> [WHAT IS REQUIRED] For each entry below, write an exact copy and leave out the images.

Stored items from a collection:
□ □ □ □ □ □ □
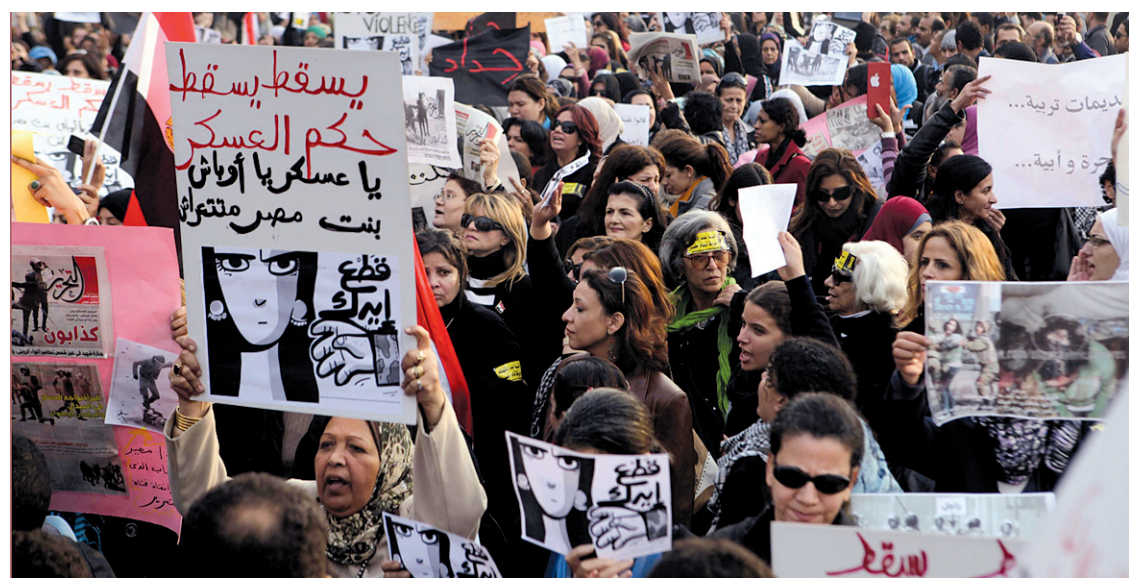
Le Printemps arabe sera l'un des sujets à l'ordre du jour de l'école d'été sur les terrorismes de l'Université Laval.
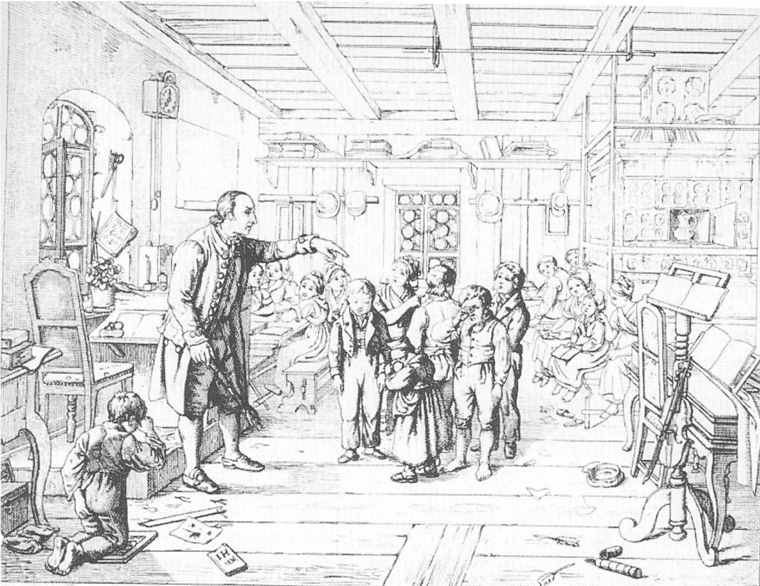
„Vollständige harmonische Entwicklung aller Anlagen eines Menschen?“ Aus: Schiffler/Winkler 1991

Das ist so etwas wie die Doktrin der „Menschenerziehung“. Grundlegend ist die Aktivität des „empfindsamen Wesens“, das nicht passiv lernen kann. Seine Unterscheidungsfähigkeit muss je proportional zu seinen Kräften verstanden werden. Erst wenn ein Überschuss an Kräften vorhanden ist, der für den unmittelbaren Lebensunterhalt nicht gebraucht wird, entwickelt das aktive Wesen spekulative Fähigkeiten, die den Kräfteüberschuss (und nur ihn) in eine Richtung lenken kann, die die unmittelbare Situation übersteigt. Wer also die Intelligenz entwickeln will, muss die Kräfte kultivieren, die sie lenken sollen. Die Intelligenz lenkt sich nicht selbst, sie ist eine Funktion der Natur und entwickelt sich mit ihr. Geist entsteht nicht aus sich selbst, sondern bedarf der Unterstützung und Absicherung der Natur.
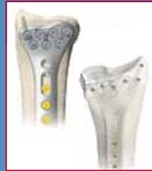
Speziell anatomisch geformtes Design entlang der Radiuskante
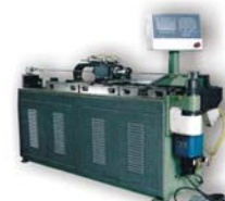
数控三维弯管机 Cnc Universal Tube Bender
□ □ □ □ □ □ □
> [RESPONSE FOR THIS EXERCISE]
Le Printemps arabe sera l'un des sujets à l'ordre du jour de l'école d'été sur les terrorismes de l'Université Laval.
„Vollständige harmonische Entwicklung aller Anlagen eines Menschen?“ Aus: Schiffler/Winkler 1991

Das ist so etwas wie die Doktrin der „Menschenerziehung“. Grundlegend ist die Aktivität des „empfindsamen Wesens“, das nicht passiv lernen kann. Seine Unterscheidungsfähigkeit muss je proportional zu seinen Kräften verstanden werden. Erst wenn ein Überschuss an Kräften vorhanden ist, der für den unmittelbaren Lebensunterhalt nicht gebraucht wird, entwickelt das aktive Wesen spekulative Fähigkeiten, die den Kräfteüberschuss (und nur ihn) in eine Richtung lenken kann, die die unmittelbare Situation übersteigt. Wer also die Intelligenz entwickeln will, muss die Kräfte kultivieren, die sie lenken sollen. Die Intelligenz lenkt sich nicht selbst, sie ist eine Funktion der Natur und entwickelt sich mit ihr. Geist entsteht nicht aus sich selbst, sondern bedarf der Unterstützung und Absicherung der Natur.
Speziell anatomisch geformtes Design entlang der Radiuskante
数控三维弯管机 Cnc Universal Tube Bender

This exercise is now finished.